Page MenuHomePhabricator

Get Wikidata clickstream
Open, MediumPublic

Description

Motivation
We want to evaluate whether the changes we are making to the mobile interface of Wikidata are improving its usefulness. To be able to do that we need some basic info about what people usually do.

Task

  • Show the development of sessions with Wikidata. E.g. "X people came from a wikidata item, then to a WD property page, then another item, and another item" or "one item only and gone again" or "from Wikipedia app to WD editing to WD item view to other WD item".
  • It should be visible whether the mobile or the desktop version of the page was shown
  • It should be seperated between logged in and anonymous users.

Notes

  • Probably the results will be too complex for grafana, and it may make sense to do this with a shiny dashboard
  • Maybe one can make use of the click stream analysis done by the search team
  • We still need to define what "session" means
  • It is not clear yet how exactly the result should look like - it also depends on what we can do at what cost

Event Timeline

Lea_WMDE updated the task description. (Show Details)

@JAllemandou Hey, I need an insight into the production code for the Clickstream dataset, but I can't find the code repository anywhere. Maybe you could help? Thanks. N.B. I am not looking for Python use cases (I've found them) neither for the SQL extraction of the monthly updates (I've seen that too) but rather for the code that feeds the tables in the clickstream database in Hadoop.

@Lea_WMDE I still need to get back to you on this one. I have studied the existing datasets, I still have some thinking to do about how to get to what we need based on what is already in production, and while in general I think it can be done I can say that it is not going to be "cheap" in any respect (i.e. time and computational resources).

In general, the prima facie structure of the Clickstream dataset is what we are looking for, except for we need some additional fields (desktop/mobile, logged/anonymous) and that our filtering criteria (e.g. how do we define a user session) might be different.

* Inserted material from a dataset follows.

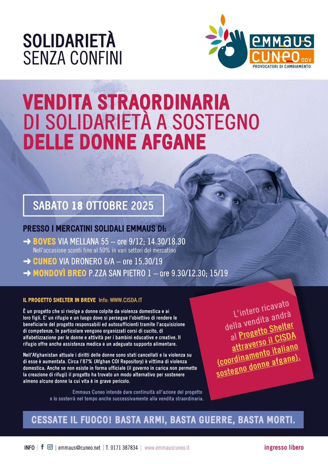 Una vendita straordinaria di solidarietà a favore del progetto Shelter del CISDA (Comitato Italiano Sostegno Donne Afghane) si terrà sabato 18 ottobre presso i mercatini Emmaus di Boves (nell’occasione anche sconti fino al 50% in alcuni settori), Cuneo e Mondovì.

Also, I would need to study the ua_parser library (luckily, there's an R version) and find out how did the Analytics-Engineering make use of it to filter out spider traffic. In other words, it can be done, we can have the dataset (someday), but it is going to be complex and take quite some time - and especially if I have to produce every bit of it by myself.

Hi @GoranSMilovanovic, the code we use to generate monthly data is here: https://github.com/wikimedia/analytics-refinery-source/blob/master/refinery-job/src/main/scala/org/wikimedia/analytics/refinery/job/ClickstreamBuilder.scala
As per the clickstream database in Hive, it's not used anymore, it's a left-over from Ellerys time.

@Lea_WMDE Just to clarify, I will put no further efforts here until you let me know what you think in respect to my insights in T208569#4767950.

Addshore moved this task from Data Analytics to Product on the WMDE-Analytics-Engineering board.
Addshore added a subscriber: GoranSMilovanovic.